- Theatrical release poster
- Directed by: Ben Sharpsteen
- Produced by: Walt Disney
- Starring: Clarence Nash Lee Millar
- Music by: Frank Churchill Paul J. Smith
- Animation by: Al Eugster Shamus Culhane Fred Spencer Bill Roberts
- Color process: Technicolor
- Production company: Walt Disney Productions
- Distributed by: United Artists
- Release date: September 12, 1936;
- Country: United States
- Language: English

= Donald and Pluto =

1936 Donald Duck cartoon

Donald and Pluto is a 1936 animated short film produced by Walt Disney Productions and distributed by United Artists. The film stars Donald Duck, employed as a plumber, and Mickey's dog Pluto as his assistant. The film was directed by Ben Sharpsteen and featured the voice of Clarence Nash as Donald.

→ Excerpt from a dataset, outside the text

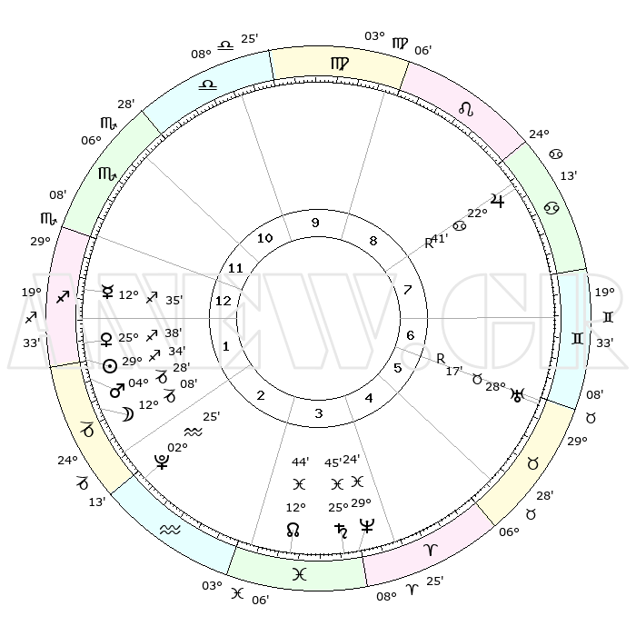 | | ΘΕΣΕΙΣ ΠΛΑΝΗΤΩΝ ΑΣΤΡΟΛΟΓΙΚΟΥ ΧΑΡΤΗ ΤΗΣ ΣΤΙΓΜΗΣ ΑΥΤΗΣ | | | | Πλανήτης | Ζώδιο | Μοίρες | Δεκαήμ. | Σε οίκο | Απόκλιση | | Ακμές των οίκων | | Ηλιος | Τοξότης | 29°22' | Τρίτο | 3 | 23 S 26 | | 1ος | 20°49' | Ζυγός | | Σελήνη | Αιγόκερως | 09°42' | Πρώτο | 3 | 27 S 30 | | 2ος | 18°42' | Σκορπιός | | Ερμής | Τοξότης | 12°18' | Δεύτερο | 2 | 21 S 30 | | 3ος | 20°02' | Τοξότης | | Αφροδίτη | Τοξότης | 25°23' | Τρίτο | 3 | 23 S 26 | | 4ος | 23°40' | Αιγόκερως | | Αρης | Αιγόκερως | 04°19' | Πρώτο | 3 | 24 S 11 | | 5ος | 26°37' | Υδροχόος | | Δίας | Καρκίνος | 22°43'R | Τρίτο | 9 | 21 N 44 | | 6ος | 26°01' | Ιχθείς | | Κρόνος | Ιχθείς | 25°45' | Τρίτο | 5 | 03 S 48 | | 7ος | 20°49' | Κριός | | Ουρανός | Ταύρος | 28°17'R | Τρίτο | 8 | 19 N 35 | | 8ος | 18°42' | Ταύρος | | Ποσειδώνας | Ιχθείς | 29°24' | Τρίτο | 6 | 01 S 28 | | 9ος | 20°02' | Δίδυμοι | | Πλούτωνας | Υδροχόος | 02°24' | Πρώτο | 4 | 23 S 17 | | 10ος | 23°40' | Καρκίνος | | Β. Δεσμός | Ιχθείς | 12°45' | Δεύτερο | 5 | 06 S 46 | | 11ος | 26°37' | Λέων | | Ωροσκόπος | Ζυγός | 20°49' | Τρίτο | | | 12ος | 26°01' | Παρθένος | | Μεσουράνημα | Καρκίνος | 23°40' | Τρίτο | | | |

Donald and Pluto is one of the three installments of the Mickey Mouse series in which Mickey doesn't appear as a character, the others are 1937's Don Donald and Modern Inventions. The cartoon also introduced Fred Spencer's new design for Donald Duck, which included a slimmer body, shorter neck, rounder feet, and a shorter beak.

==Plot==
Donald is a plumber fixing pipes in the basement of a house. Donald first has trouble with pulling his hammer off a magnet, which it gets stuck to. When he unscrews the lid covering the pipe, water spurts out and hits Donald in the face, angering him. To stop the flow, Donald uses the magnet to pull a larger hammer toward himself, which he uses to put on another lid to the hole. In doing so, he accidentally wakes Pluto and later accidentally pulls Pluto's bone away from him. While Pluto wrestles with the magnet to get his bone back, he swallows the magnet and gets his bone stuck to his bottom. As he fights to get the bone, he tumbles into the pile of furniture Donald is standing on, causing Donald to come crashing to the ground. Pluto eventually runs into the kitchen and the magnet inside him causes many cooking items to be pulled onto his rear.

Pluto's erratic actions eventually cause the dishes to fall off, but his bone continues getting stuck to him and annoying him. As he tries to get it off, he backs into the clock and gets stuck to it. After breaking free of the clock by destroying it, he pulls a much smaller alarm clock to him. He engages in a fight with the clock, soon realizing that if he makes minor movements along the wall rear-end first, the clock won't come to him. However, he trips over a rolling pin and the clock sticks to him again, but he loses it in a polar bear rug. His dish sticks to him again and the magnetism causes knives and forks to come out of a drawer and chase him. The chase eventually causes Pluto to end up in the basement again. There, the magnet inside him sucks the nails out of the ladder Donald is standing on, causing it to fall apart under his feet. Donald falls into a tank and is pulled out through a wringer. After an angry outburst, he gets stuck to Pluto's bottom and is dragged into the roof of the basement.

Pluto is chased by the angry Donald through the house and onto the roof, where the magnetism causes Donald to be pulled into the roof and along the ceiling with the floor separating the two (it looks as if there is an invisible track Donald is hanging from). Donald is dragged into a ceiling fan, activating it and spinning both Donald and Pluto around. Donald gets an electric shock when he pulls out a lamp and is later bumped across the ceiling when Pluto crawls over a ladder. Pluto eventually makes his way downstairs where Donald falls back to the ground and bounces back into the basement when he is pinned to the wall by his own tools. Pluto finds him and begins happily licking him as he squawks angrily.

==Voice cast==
- Donald Duck: Clarence Nash
- Pluto: Lee Millar

==Home media==
The short was released on May 18, 2004 on Walt Disney Treasures: The Chronological Donald, Volume One: 1934-1941.

==Notes==
The running gag of Pluto licking Donald is reused in Beach Picnic in 1939.